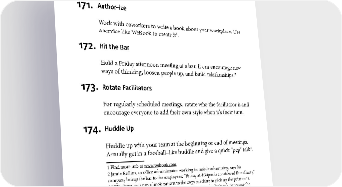 TEAM BUILDING 171. Author–ize Work with coworkers to write a book about your workplace. Use 1 a service like WeBook to create it . 172. Hit the Bar Hold a Friday afternoon meeting at a bar. It can encourage new ways of thinking, loosen people up, and build relationships.2 173. Rotate Facilitators For regularly scheduled meetings, rotate who the facilitator is and encourage everyone to add their own style when it’s their turn. 174. Huddle Up Huddle up with your team at the beginning or end of meetings. 3 Actually get in a football–like huddle and give a quick “pep” talk . 1 Find more info at www.webook.com. 2 Jamie Rollins, an office administrator working in mobile advertising, says his company brings the bar to the employees: “Friday at 4:30pm is considered Beer:Thirty.” 3 “OK, Steve, you run a hook pattern to the copy machine to pick up the print-outs. Sarah, you run a slant to book the boardroom. Tim, you do the blocking in case the project board calls a blitz of scope creep. Alright, break!” 94
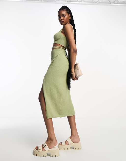 Knit midi co clearance ord, ASOS DESIGN knitted midi skirt with wrap detail in textured yarn clearance
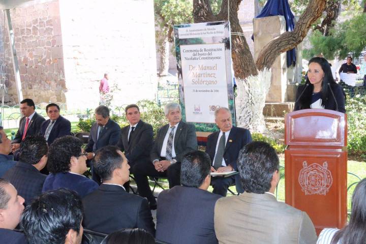NOTICIAS 21/11/2016Ayuntamiento restituye busto en espacio público de Morelia Con el compromiso de que esta sea tan solo la primera de varias acciones tendientes a promover y preservar los sitios y edificios pertenecientes al patrimonio cultural Morelia, el Ayuntamiento de Morelia, a través de la Comisión de Servicios Públicos, en conjunto con la UMSNH, realizaron este lunes la ceremonia de restitución del busto del nicolaita constituyente "Manuel Martínez Solórzano", ubicado en el Jardín de la Biblioteca Pública U... Ver más...
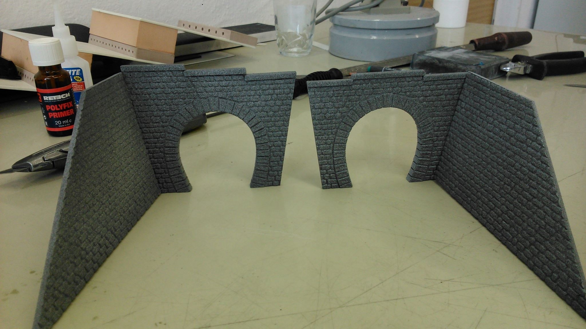 Dá se to použít ke klonování toho auhagenu. Kolega co stavěl tento most desku od auhagenu otiskl do teto hmoty. Až to vytvrdlo tak do takto vzniklé formy zase otiskl toto hmotu, pak tim olepil ten most. Pak samozřejmě povrchovka - každý šutr extra. Je to sice v H0, ale předpokladám, že tunelové portály dělá auhagen pro TT extra a ne žádnej obojživelnílk, takže šutry by měly být velikostí OK.
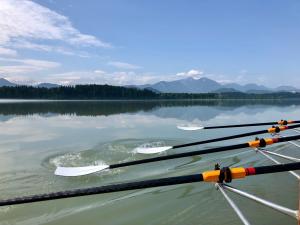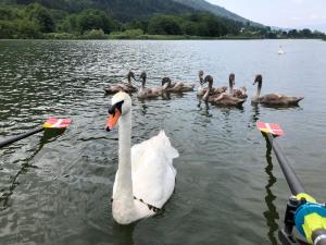 Die Seeumrundung der Ruderboote wurde nur selten von Fahrgastschiffen und Sportbooten gestört. Vor dem Naturschutzgebiet am Seeende erfreute am ersten Rudertag eine Schwanenfamilie mit sieben Jungen die Ruderinnen. Am zweiten Rudertag wurde das heranrollende Gewitter mit Eiskaffee und anderen Erfrischungen abgewettert. Schaumgekrönte Wellen auf der Rückfahrt zum Steg des RV Villach forderten die volle Konzentration der Ruderinnen und ihrer Steuerfrauen.
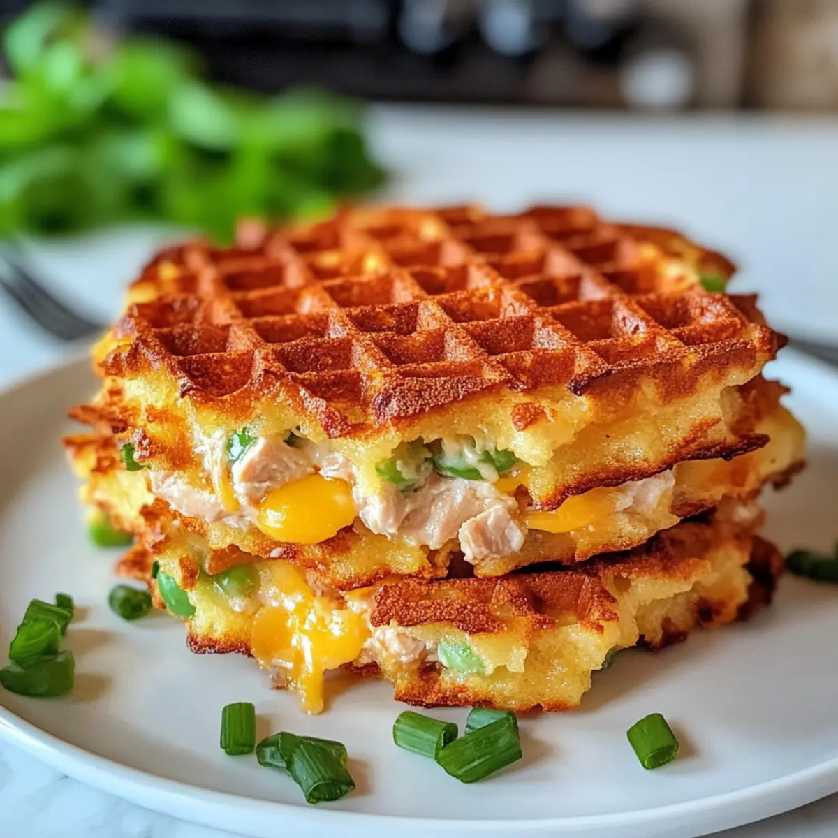 - Mischung ins Waffeleisen geben: Löffle die Hälfte der Thunfischmischung vorsichtig in das Waffeleisen und gare die Chaffle für etwa 4 Minuten.
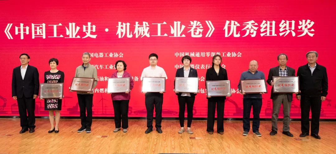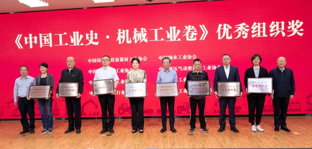 会议对在编纂工作中组织工作优异和做出突出贡献的单位进行了表彰。赵驰同志宣读了表彰决定,与会领导向中国农业机械工业协会等25家单位颁发了优秀组织奖,向中国机械工程学会等6家单位颁发了突出贡献奖。最后,举行了新书首发仪式。中国工经联会长李毅中和机械卷编委会主任王瑞祥为新书揭幕。红色幕布的揭开将新书首发仪式推向高潮,《中国工业史•机械工业卷》正式与读者见面。
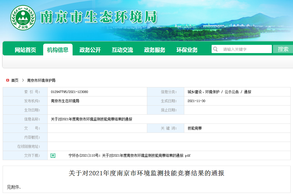 10月16日-27日,由南京市總工會(huì)、市人力資源和社會(huì)保障局、共青團(tuán)南京市委主辦,南京市生態(tài)環(huán)境局和南京市農(nóng)林水環(huán)保工會(huì)聯(lián)合會(huì)承辦,江蘇省南京環(huán)境監(jiān)測中心協(xié)辦,南京環(huán)境保護(hù)產(chǎn)業(yè)協(xié)會(huì)支持的2021年南京市環(huán)境監(jiān)測技能競賽決賽在江寧橫溪街道正式開賽,來自市生態(tài)環(huán)境系統(tǒng)和社會(huì)化環(huán)境監(jiān)測機(jī)構(gòu)的16支環(huán)境監(jiān)測隊(duì)伍在此聚集進(jìn)行環(huán)境監(jiān)測大比武。本次競賽由南京市生態(tài)環(huán)境局局長錢鋒擔(dān)任競賽組委會(huì)主任,同時(shí)專設(shè)專家及監(jiān)督委員會(huì),確保競賽結(jié)果公正公允。我司也派出選手參賽,取得團(tuán)體一等獎(jiǎng)和多個(gè)個(gè)人獎(jiǎng)項(xiàng)的佳績!
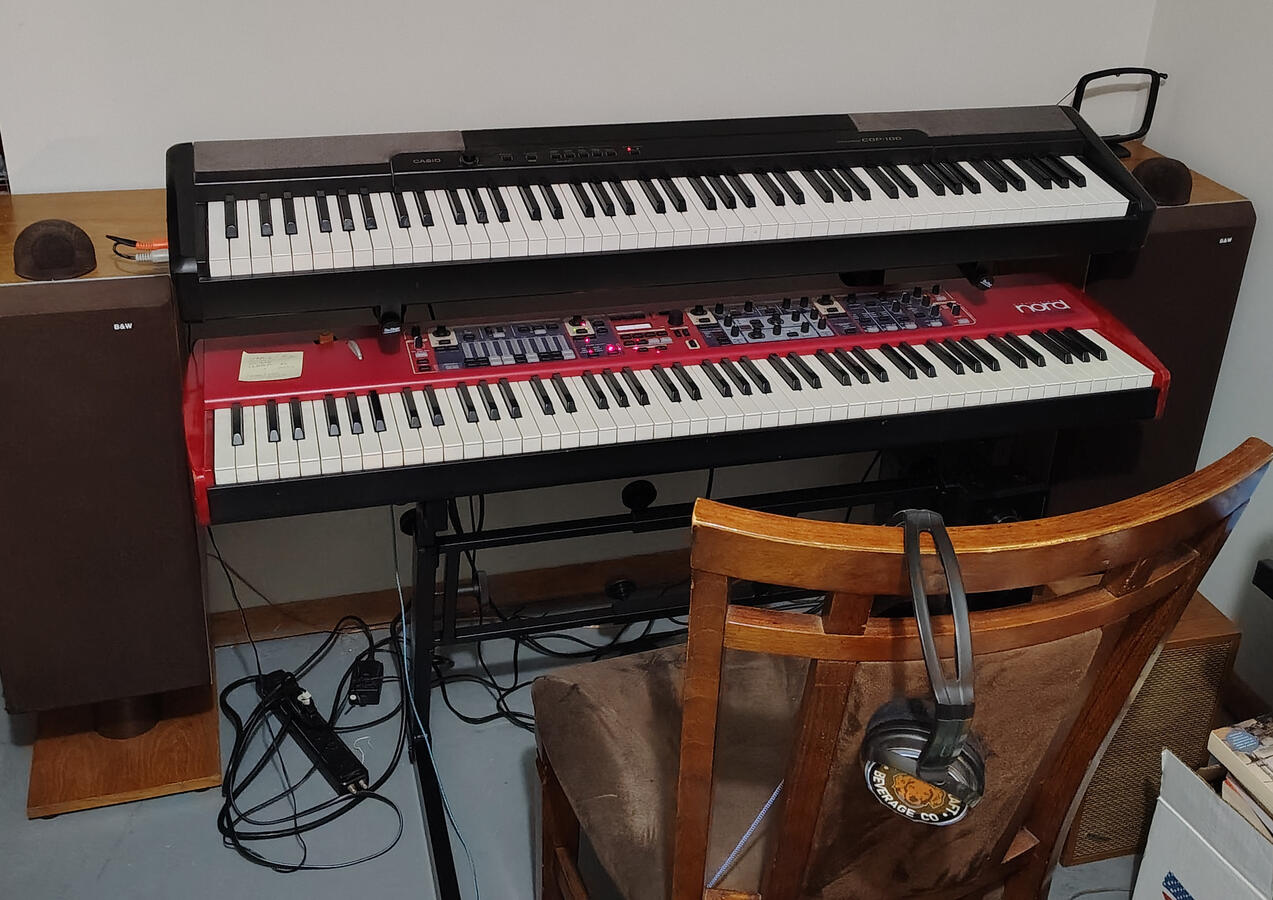 This On Stage double-decker Z-shaped piano stand is nice, but lacking in adjustments. Guitar Center sells them for about $150, and I got mine in open-box condition while there was a sale for a bit less. Especially for the price, it feels robust and just like a good all-around surface to put your keyboards on, but you can improve it immensely just by popping some more holes in it with a drill.
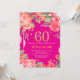 Red Floral 60th Birthday Gold Glitter and Hot Pink Invitation
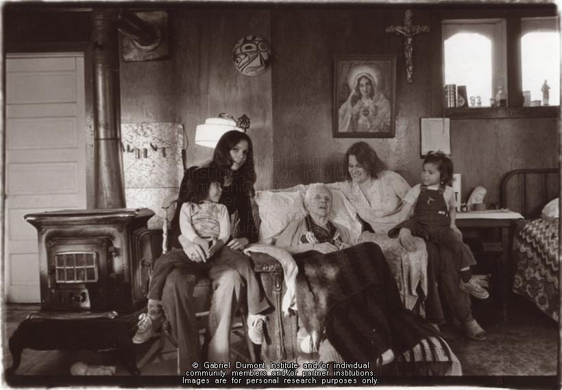 | Description: | Photograph of Mary Louise Arcand surrounded by two women and two young girls.
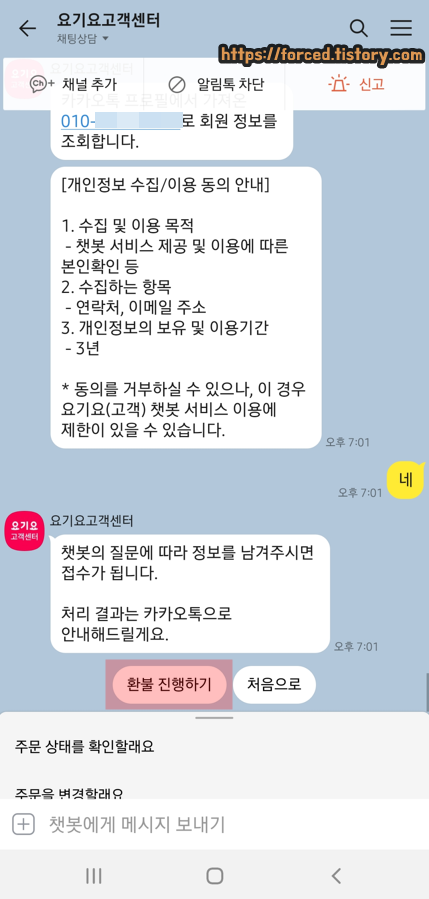 "네, 접수할게요" 버튼을 누르면, 환불 신청 접수가 완료됩니다. 이제 환불이 처리될 때까지 기다리는 일만 남았네요.
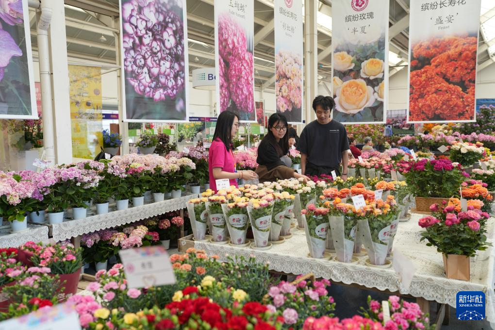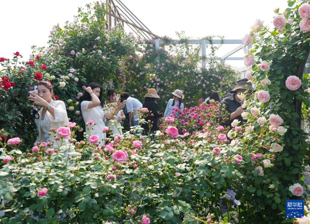 4月28日,人们在花园大会月季展区参观。
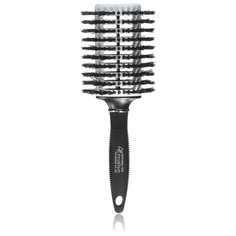 - Reinforced boar bristle brush with snag free design great for blow drying
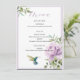 Il s'agit d'une image simple et adorable, avec un rose violet aquarelle, des feuilles et un colibri vibrant contre un arrière - plan blanc avec une bordure mauve douce.

□ □ □

What is needed is a word-for-word copy of the data above, free of any images.

 TEAM BUILDING 171. Author–ize Work with coworkers to write a book about your workplace. Use 1 a service like WeBook to create it . 172. Hit the Bar Hold a Friday afternoon meeting at a bar. It can encourage new ways of thinking, loosen people up, and build relationships.2 173. Rotate Facilitators For regularly scheduled meetings, rotate who the facilitator is and encourage everyone to add their own style when it’s their turn. 174. Huddle Up Huddle up with your team at the beginning or end of meetings. 3 Actually get in a football–like huddle and give a quick “pep” talk . 1 Find more info at www.webook.com. 2 Jamie Rollins, an office administrator working in mobile advertising, says his company brings the bar to the employees: “Friday at 4:30pm is considered Beer:Thirty.” 3 “OK, Steve, you run a hook pattern to the copy machine to pick up the print-outs. Sarah, you run a slant to book the boardroom. Tim, you do the blocking in case the project board calls a blitz of scope creep. Alright, break!” 94
 Knit midi co clearance ord, ASOS DESIGN knitted midi skirt with wrap detail in textured yarn clearance
NOTICIAS 21/11/2016Ayuntamiento restituye busto en espacio público de Morelia Con el compromiso de que esta sea tan solo la primera de varias acciones tendientes a promover y preservar los sitios y edificios pertenecientes al patrimonio cultural Morelia, el Ayuntamiento de Morelia, a través de la Comisión de Servicios Públicos, en conjunto con la UMSNH, realizaron este lunes la ceremonia de restitución del busto del nicolaita constituyente "Manuel Martínez Solórzano", ubicado en el Jardín de la Biblioteca Pública U... Ver más...
 Dá se to použít ke klonování toho auhagenu. Kolega co stavěl tento most desku od auhagenu otiskl do teto hmoty. Až to vytvrdlo tak do takto vzniklé formy zase otiskl toto hmotu, pak tim olepil ten most. Pak samozřejmě povrchovka - každý šutr extra. Je to sice v H0, ale předpokladám, že tunelové portály dělá auhagen pro TT extra a ne žádnej obojživelnílk, takže šutry by měly být velikostí OK.
 Die Seeumrundung der Ruderboote wurde nur selten von Fahrgastschiffen und Sportbooten gestört. Vor dem Naturschutzgebiet am Seeende erfreute am ersten Rudertag eine Schwanenfamilie mit sieben Jungen die Ruderinnen. Am zweiten Rudertag wurde das heranrollende Gewitter mit Eiskaffee und anderen Erfrischungen abgewettert. Schaumgekrönte Wellen auf der Rückfahrt zum Steg des RV Villach forderten die volle Konzentration der Ruderinnen und ihrer Steuerfrauen.
 - Mischung ins Waffeleisen geben: Löffle die Hälfte der Thunfischmischung vorsichtig in das Waffeleisen und gare die Chaffle für etwa 4 Minuten.
 会议对在编纂工作中组织工作优异和做出突出贡献的单位进行了表彰。赵驰同志宣读了表彰决定,与会领导向中国农业机械工业协会等25家单位颁发了优秀组织奖,向中国机械工程学会等6家单位颁发了突出贡献奖。最后,举行了新书首发仪式。中国工经联会长李毅中和机械卷编委会主任王瑞祥为新书揭幕。红色幕布的揭开将新书首发仪式推向高潮,《中国工业史•机械工业卷》正式与读者见面。
 10月16日-27日,由南京市總工會(huì)、市人力資源和社會(huì)保障局、共青團(tuán)南京市委主辦,南京市生態(tài)環(huán)境局和南京市農(nóng)林水環(huán)保工會(huì)聯(lián)合會(huì)承辦,江蘇省南京環(huán)境監(jiān)測中心協(xié)辦,南京環(huán)境保護(hù)產(chǎn)業(yè)協(xié)會(huì)支持的2021年南京市環(huán)境監(jiān)測技能競賽決賽在江寧橫溪街道正式開賽,來自市生態(tài)環(huán)境系統(tǒng)和社會(huì)化環(huán)境監(jiān)測機(jī)構(gòu)的16支環(huán)境監(jiān)測隊(duì)伍在此聚集進(jìn)行環(huán)境監(jiān)測大比武。本次競賽由南京市生態(tài)環(huán)境局局長錢鋒擔(dān)任競賽組委會(huì)主任,同時(shí)專設(shè)專家及監(jiān)督委員會(huì),確保競賽結(jié)果公正公允。我司也派出選手參賽,取得團(tuán)體一等獎(jiǎng)和多個(gè)個(gè)人獎(jiǎng)項(xiàng)的佳績!
 This On Stage double-decker Z-shaped piano stand is nice, but lacking in adjustments. Guitar Center sells them for about $150, and I got mine in open-box condition while there was a sale for a bit less. Especially for the price, it feels robust and just like a good all-around surface to put your keyboards on, but you can improve it immensely just by popping some more holes in it with a drill.
 Red Floral 60th Birthday Gold Glitter and Hot Pink Invitation
 | Description: | Photograph of Mary Louise Arcand surrounded by two women and two young girls.
 "네, 접수할게요" 버튼을 누르면, 환불 신청 접수가 완료됩니다. 이제 환불이 처리될 때까지 기다리는 일만 남았네요.
 4月28日,人们在花园大会月季展区参观。
 - Reinforced boar bristle brush with snag free design great for blow drying
 Il s'agit d'une image simple et adorable, avec un rose violet aquarelle, des feuilles et un colibri vibrant contre un arrière - plan blanc avec une bordure mauve douce.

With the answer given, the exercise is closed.